AuroraBook
Audio book generator. Converts any ePub file into an audio book using AI.
Tech Stack
About AuroraBook
AuroraBook is an offline ePub-to-Audiobook converter powered by AI. It transforms any ePub file into an audiobook directly on the user’s machine, with no subscriptions, no cloud processing, and full ownership of the content.

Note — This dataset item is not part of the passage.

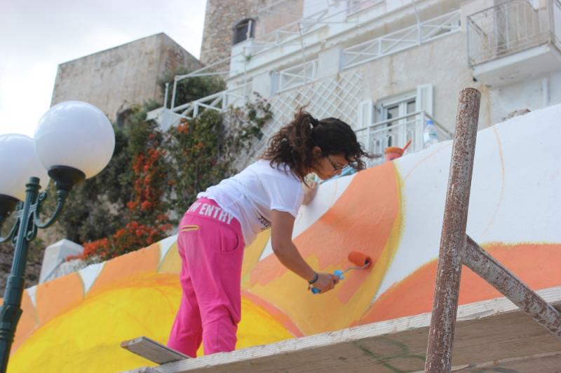 Λίγο πριν την έναρξη της εξεταστικής περιόδου, οι μαθητές της Β΄ και Γ΄ τάξης των δύο Γυμνασίων υπό την πολύτιμη καθοδήγηση της καθηγήτριάς τους στο μάθημα των Εικαστικών, Αργυρούς Διαμαντάκη θέλησαν να “ντύσουν” έναν ολόλευκο τοίχο με έναν ήλιο – ηλιοτρόπιο, δίνοντας χρώμα στο παραλιακό μέτωπο των Αστεριών, όπου καθημερινά μεταβαίνουν λουόμενοι και την καλοκαιρινή περίοδο πολλοί επισκέπτες.

The application is built with Tauri and Rust for performance and portability, and React + TypeScript for a modern, responsive UI.
Core Features
ePub to Audiobook Conversion
- Convert any ePub file into an audiobook
- Fully offline processing
- No accounts or subscriptions required
AI-Powered TTS
- Uses an ONNX-based text-to-speech model
- Designed to run efficiently on consumer hardware
- Privacy-first: all processing happens locally
Purpose & Impact
I wanted to read more books, but not always by sitting in front of a screen. AuroraBook started as a personal tool to make reading more accessible, and evolved into a general-purpose solution for anyone who prefers listening over reading.

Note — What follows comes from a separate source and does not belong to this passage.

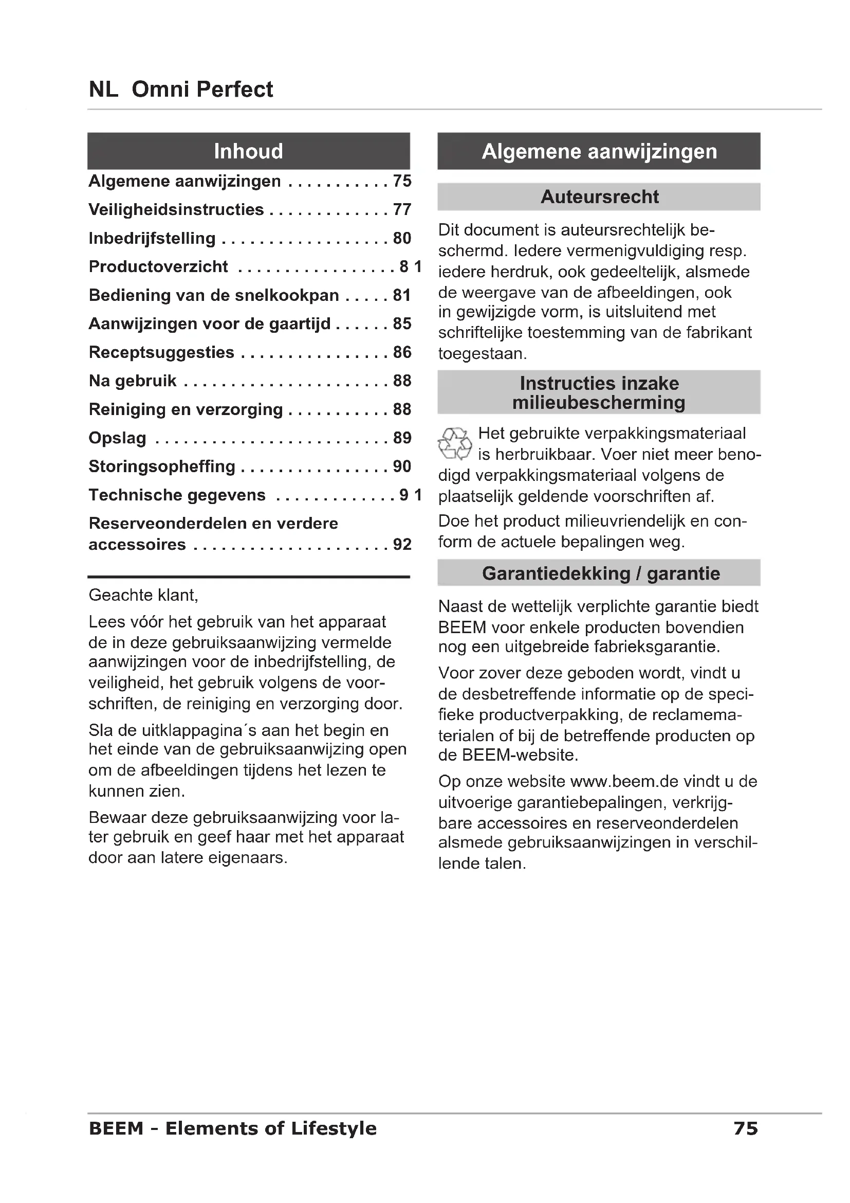 Op onze website www.beem.de vindt u de uitvoerige garantiebepalingen, verkrijgbare accessoires en reserveonderdelen alsmede gebruiksaanwijzingen in verschillende talen.

While the audio quality doesn’t aim to match professionally produced audiobooks, AuroraBook is free, offline, and open. It complements—not competes with—platforms like Audible, making audiobooks accessible where they otherwise wouldn’t be.
Tech Stack
- Tauri – Desktop application framework
- Rust – Core logic and performance-critical code
- React + TypeScript – Frontend
- Tailwind CSS – UI styling
- SQLite – Local data storage
- ONNX – Offline AI inference
Why Tauri?
Tauri enables lightweight, secure desktop apps using web technologies while relying on Rust under the hood. It allowed me to ship a performant cross-platform app and deepen my experience with Rust, a language I’m actively investing in.
Technical Challenges
AI Text-to-Speech & Phonemization
AuroraBook uses the Kokoro ONNX TTS model, chosen for its small footprint and ability to run fully offline. However, Kokoro does not include built-in phonemization—a deliberate tradeoff for speed and portability.
Most implementations rely on eSpeak for phonemization, but sandbox restrictions made it unsuitable for app store distribution. I explored alternatives and ultimately ported the Misaki phonemizer from Python to Rust, enabling native integration.
While phonemization is not perfect—largely due to Misaki’s dependency on SpaCy, which has no Rust equivalent—it is reliable enough for practical use. Current limitations stem from weaker POS tagging and tokenization alternatives in the Rust ecosystem.
ePub Parsing
ePub files are ZIP archives with a defined structure and support for rich media. I implemented full parsing of text content, metadata, and structure, including SMIL-based text–audio synchronization, allowing accurate alignment between narration and content.
Performance & Hardware Acceleration
Although Kokoro is one of the smallest viable offline TTS models, resource usage remains a challenge. On macOS, I was unable to achieve reliable GPU or NPU acceleration across multiple frameworks (MLX, PyTorch MPS, Candle, CoreML, Burn, Tract) due to unsupported operations. As a result, inference currently runs on CPU.
UI & UX
The UI was designed to be simple, distraction-free, and accessible. The focus is on quickly importing an ePub, generating audio, and listening—without unnecessary configuration or friction.
Known Issues & Future Improvements
- Imperfect phonemization due to limited NLP tooling in Rust
- High CPU usage during TTS generation
- Lack of hardware acceleration on macOS
Despite these limitations, AuroraBook already fulfills its core goal: making books easier to consume, anywhere, without relying on cloud services.